All patients were followed for 15 months after the last injection of their LHRH antagonist

When does serum T level go back up?

Most patients will see their serum T levels rise back up into the “normal” spectrum at 18 months after initiation of treatment, but …. No one seems to be suggesting that (at least within 18 months) patients should expect to recover the same level of serum T after even a short course of ADT as the level they had before their ADT.

How long does it take for testosterone to normalize after LHRH?

In most patients, the testosterone level had normalized within 9 months after the last LHRH administration. Sexual and hormonal function recovered after short-term LHRH antagonist administration for neoadjuvant therapy before EBRT.

How long does it take to recover from LHRH?

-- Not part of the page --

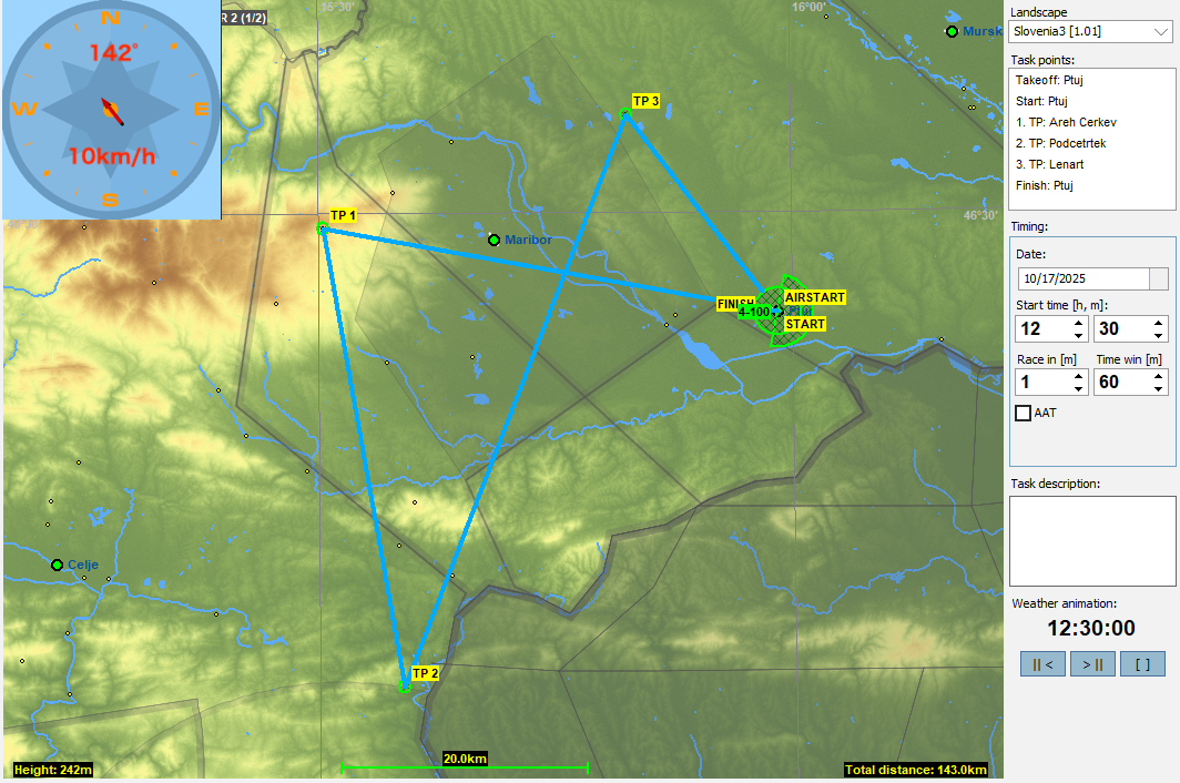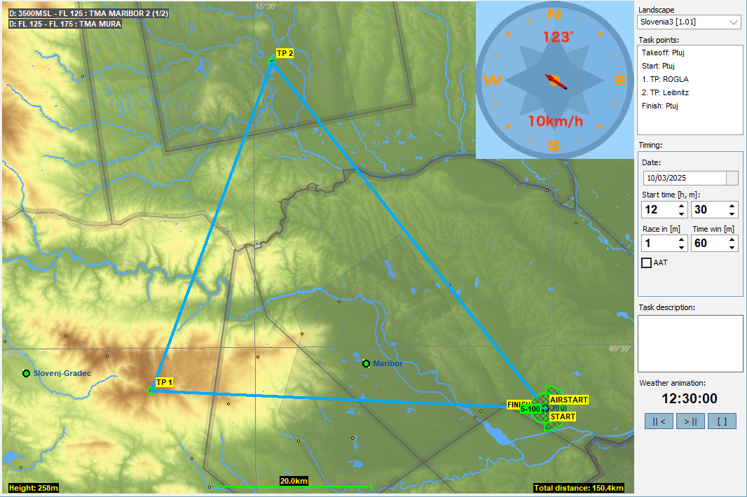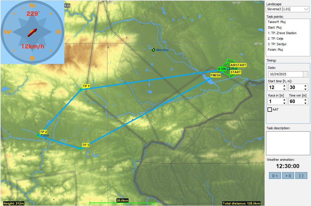 10月のJP Friday Flightではスロベニア北東部に位置するPtuj(プトゥイ)を起点とするタスクを作成しました。今回使うAPはPtujの町からは東に5km程離れたところに有るPtuj Airport。ここはAeroklub Ptujの運営するAPで動力機、グライダーから模型まで様々な航空スポーツを楽しんでいます(HP、動画)。2024年にはSlovenia Glider Championshipが開かれたそうです。

The median time to recovery of a “normal” serum T level (i.e., > 7.2 nmol/l or 207 ng/ml) was 7 months after the last LHRH antagonist administration.

Is neoadjuvant ADT necessary?

The role of neoadjuvant ADT in combination therapy for intermediate-risk prostate cancer should probably be confined to those for whom it is essential (to whatever extent it is possible to define that necessity).

What is ADT treatment?

ADT -- which turns off production of the male hormone testosterone that fuels the growth of prostate tumors -- is a first line of treatment for metastatic disease (that has spread beyond the prostate).

Why do men take a break from hormone therapy?

Many men take a break from hormone therapy -- aka androgen-deprivation therapy or ADT -- to lessen its often debilitating side effects. ADT -- which turns off production of the male hormone testosterone that fuels the growth of prostate tumors -- is a first line of treatment for metastatic disease (that has spread beyond the prostate).

How long did men stay on Zoladex?

All were given androgen deprivation therapy with Zoladex and Casodex for seven months . Men who responded were divided into two groups, with one staying on continuous ADT and the other getting intermittent treatment. They were tracked for an average of more than nine years.

Does hormone therapy cause hot flashes?

But because hormone therapy blocks male hormones, it can lead to loss of sexual function and severe hot flashes. Over time, weakened bones (osteoporosis) and heart problems may develop.

Is ADT interrupted an initial treatment?

Interrupted ADT should no longer be recommended as an initial treatment, says researcher Maha Hussain, MD, of the University of Michigan Comprehensive Cancer Center in Ann Arbor, Mich.

Can hormone therapy shorten the life of men with prostate cancer?

June 4, 2012 (Chicago) -- Taking a break from hormone therapy can shorten the lives of some men with metastatic prostate cancer, researchers say.